I have not been able to find a psychiatrist to help with meds (re I must have Medicare)
although I do have an incredible therapist. I'm 68, with increasing physical problems for which there seems to be no solution, just pain maintenance. i have no family, no spouse, no children...and am currently living in a senior facility ... with many problems here.
I just tired now, ready to go another part of my journey...the tsunami of tears every day exhausting and getting REAL help (the basics of housecleaning, food, etc.) just NOT available. I have $4 in my checking account til end of month...trying to go through a complicated bankruptcy but each day seems to bring more hurdles. Hoping I can become part of this group but don't know how to join...
I think one of the most important things to understand when someone is having suicidal thoughts is that the pain can truly end but not with suicide. Like this blog mentions there are results of suicide that one may not know about and may use to influence their against suicide. I think with professional counseling from a psychologist one can begin the healing. As we know now that tremendously positive benefits are gained from talk therapy and at time accompanied with the use of antidepressants. So read this blog, understand the points presented and always remember that there is help available.
What about when you can't afford medication, therapy, or a hospital stay because you don't have insurance, or money to do it out-of-pocket?
I remember these things when I am suicidal.
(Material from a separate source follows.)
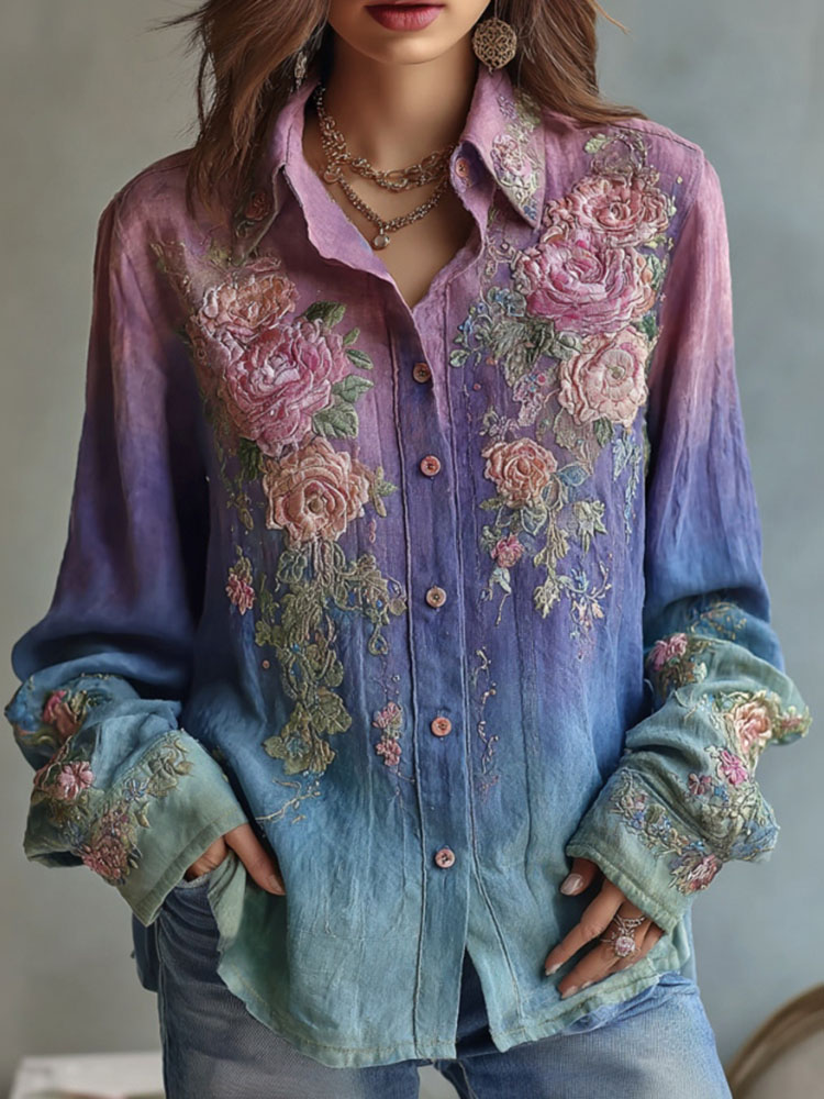 Bohemian Retro Plant And Flower Pattern Casual Cotton And Linen Long-sleeve Top
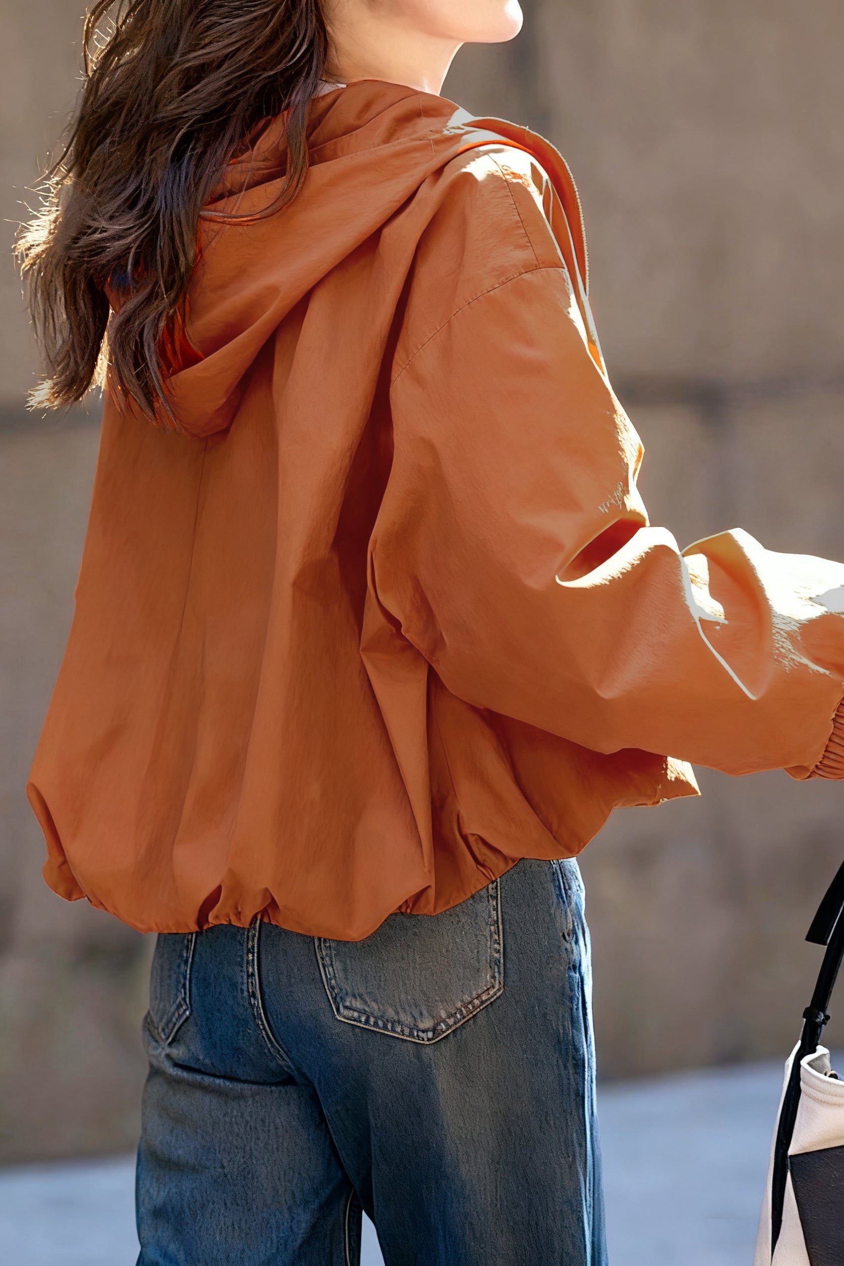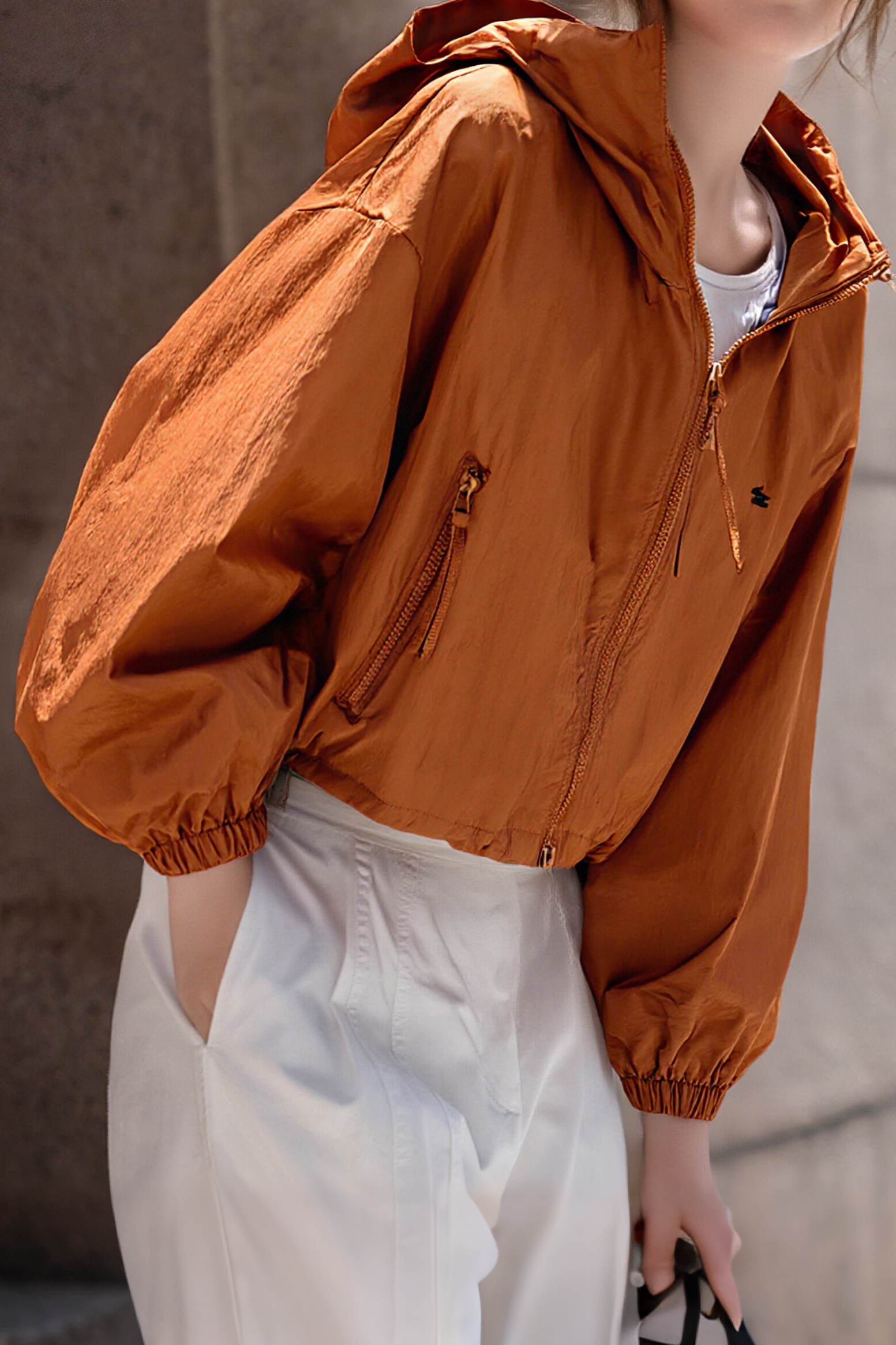 Short jacket, hooded design, front center with double-headed zipper for opening, side pockets at front waist, zippered pocket openings, elastic adjustable drawstring at hem, small embroidery on front chest, solid color, long-sleeve loose fit |

Sometimes the pain it will cause others is what keeps me here. When things get bad, I don't care or I convince myself they will be fine.
I do not like the other two reasons. I have been on antidepressant medication for more than 20 years and I still want to not exist. Therapy helps sometimes as do the coping skills I have learned in therapy.
As for it being temporary, not so much. I have taken meds, followed doctors orders, worked hard and still I really want to die at times.
Depression can often lead to suicidal thoughts. People need to realize that negative situations whether work, divorces, financial stress, ridicule, stupid decisions, etc, often go away with time. It is our minds that keep these things going. I am still suffering from some of mine but am slowly getting better.
We need to face our issues and find the best family and friends out there that will listen. Suicide has never solved anything. For most situations, things often do get better. That is where my hope is in anyway.